After college, his first major break came when he got the role as a guitar-playing English exchange student on "Fame," the 1980s TV series.

"But I was not a `Dawson's Creek' kind of WB kid ever," he says. "Me being on `Fame' ... was like Johnny Depp being on '21 Jump Street.' In retrospect, it was weird that he was there. It was weird that I was on 'Fame.'" Cerveris says he never really felt mainstream enough for "Fame."

Meeting Townshend, touring with Mould

But it was such rock 'n' roll parts that set the stage for a lifetime of musing about the intersection of music and theater.

After Cerveris landed the role of Tommy with a guitar solo in his audition, he befriended Pete Townshend and the two ended up jamming at The
Who's London studio.

Cerveris later toured with Bob Mould, originally of the punk rock trio Husker Du.
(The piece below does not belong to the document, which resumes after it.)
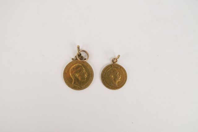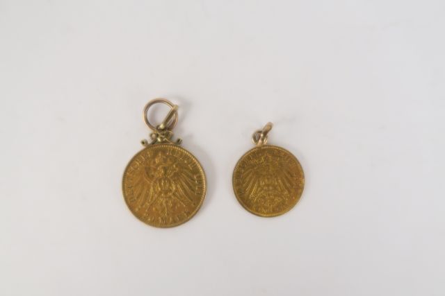 Pièce de 20 marks et une pièce de 10 marks en or, les deux montées en pendentifs. 12 g tel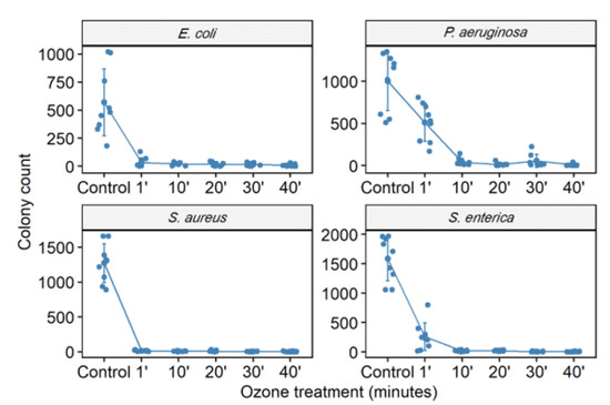 The number of colony-forming units (CFU) in different bacterial strains (S. aureus (ATCC 6538), P. aeruginosa (ATCC 15442), S. enterica (ATCC 10708), and E. coli (ATCC 25922)) was counted. CFU counting was performed in the control group (no treatment) and bacterial suspensions (105 CFU/mL) after exposure to ozone for 1, 10, 20, 30, and 40 min.

In January, Cerveris released his first CD, a compilation of
introspective songs with big name collaborators such as Steve Shelley of Sonic Youth.

"Any time an actor somebody who makes a living portraying other people tries to get into music, I think it's kind of threatening to music business people," Cerveris says. "It's like there's this secret agreement in the music business to pretend that there's a sincerity or a truthfulness that is not performance and is not show biz at all, that these skinny guys in good thrift store clothes are somehow real in a way a performer wouldn't be. Yet the truth is most of them know that they are performers, and that it is a show."

Cerveris knows exactly what it takes to put on a good show, says Marsha Mason, who plays Cerveris' older lover in "Wintertime." "He played in a pub when we were in Princeton. I sat there and I just truly was in awe. I couldn't contain myself," Mason said. "He said he
couldn't look at me because he was nervous of my reaction."

"I do feel so much more exposed and naked when I'm performing my own stuff," Cerveris acknowledges.

And he performs his own songs fully dressed.